Multiple Regression and Excel Solver (Advanced Topics):

  1. In order to run Multiple Regression analysis we will need to unprotect the worksheet. Click SigmaXL > Help > Unprotect Worksheet.
  2. In the Coded Design Matrix, highlight columns A to ABC, and the calculated responses as shown:

  3. Coded Design Matrix

  4. Click SigmaXL > Statistical Tools > Regression > Multiple Regression. Click Next.
  5. Select Average (Y), click Numeric Response (Y) >>; holding the CTRL key, select B, C, and BC; click Continuous Predictors (X) >> as shown:


  6. Multiple Regression

  7. Click OK. The resulting regression report is shown:

    Multiple Regression Model

    Note that the R-square value of 92.85% is much higher than the earlier result of 27%. This is due to our modeling the mean response value rather than considering all data in the outer array. Note also that the C main effect now appears as significant.

  8. Click on the Sheet Three-Factor 8-Run DOE.
  9. With the Coded Design Matrix highlighted as before, click SigmaXL > Statistical Tools > Regression > Multiple Regression. Click Next.
  10. Select StdDev (Y), click Numeric Response (Y) >>; select A, click Continuous Predictors (X) >> as shown:

    Multiple Regression in Excel

  11. Click OK. The resulting regression report is shown:

    Multiple Regression Model

    Note that Factor A (Flour) now shows as a statistically significant factor affecting the Standard Deviation of Taste Score.

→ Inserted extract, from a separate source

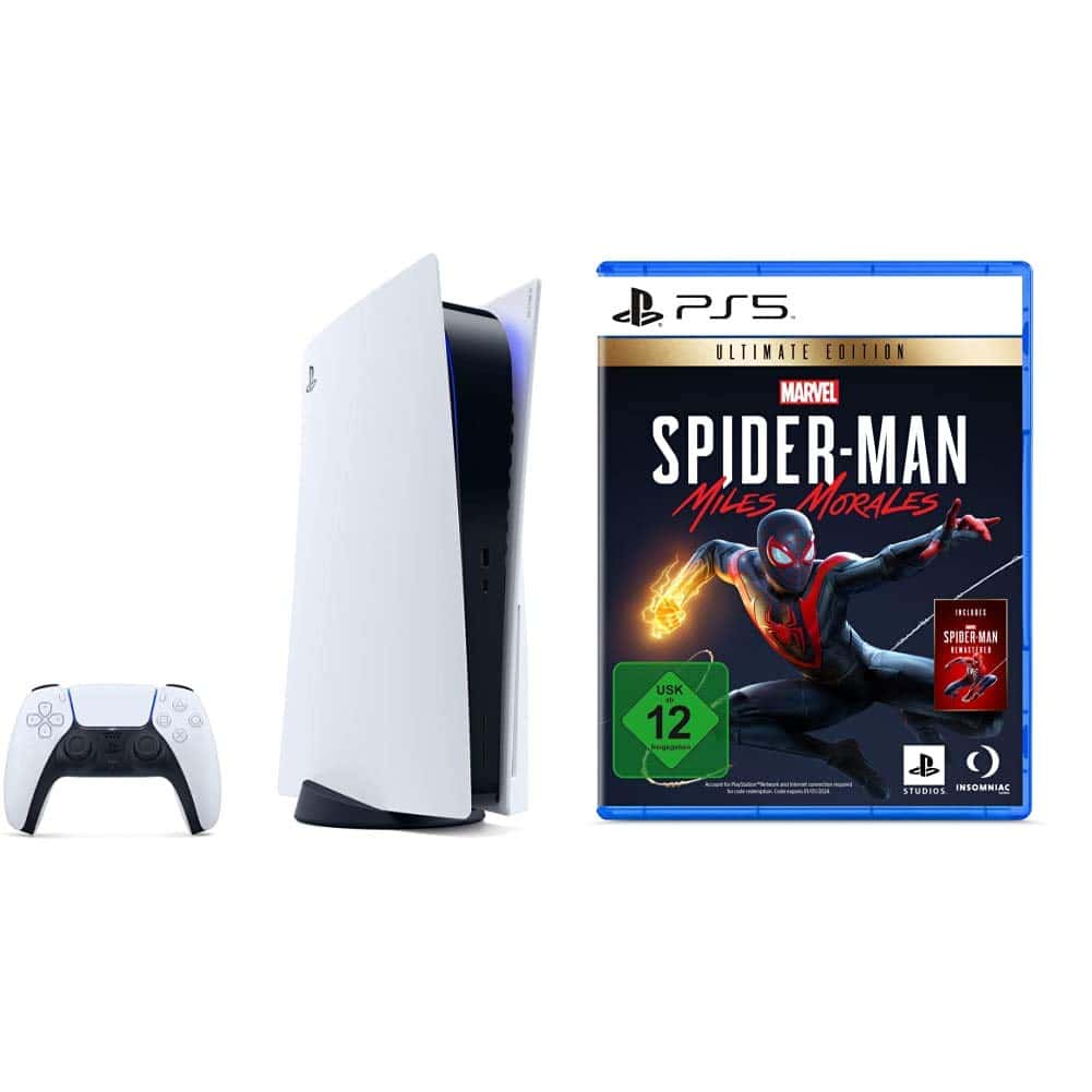 Das Sony PlayStation 5 + Marvel’s Spider-Man: Miles Morales Ultimate Edition inkl. Spider-Man Remastered- [PlayStation 5] ist auf Amazon verfügbar. Jetzt gerade könnt ihr bei Amazon die PlayStation5 Konsole bestellen.

  12. Now we will use Excel’s Equation Solver to verify the optimum settings determined using the Main Effects and Interaction Plots.
  13. Click on the Sheet Three-Factor 8-Run DOE. At the Predicted Output for Y, enter 1 for Flour. We are setting this as a constraint, because Flour = +1 minimizes the Standard Deviation. Reset the Butter and Egg to 0 as shown:

    Design of Experiments

  14. Click Tools > Add-Ins (Excel 2007: Office Button | Excel Options | Add-Ins > Manage Excel Add-Ins, click Go; Excel 2010: File | Options…). Ensure that the Solver Add-in is checked. If the Solver Add-in does not appear in the Add-ins available list, you will need to re-install Excel to include all add-ins.

    Excel Addins

  15. Click OK. Click Tools > Solver (Excel 2007/2010: Data | Analysis | Solver). Set the Solver Parameters as shown:

    Excel Solver

    Cell J11 is the Y-hat, predicted average taste score. Solver will try to maximize this value. Cells H11 to H13 are the Actual Factor Settings to be changed. Cells I11 to I13 are the Coded Factor settings where the following constraints are given: I11=1; I12 >= -1; I12 <= 1; I13 >= -1; I13 <=1.

  16. Click Solve. The solver results are given in the Predicted Output for Y as Butter = -1 and Egg = 1.

    Design of Experiments

  17. Solver indicates that a solution is found:

    Excel Solver Results

  18. Click OK to keep the solution.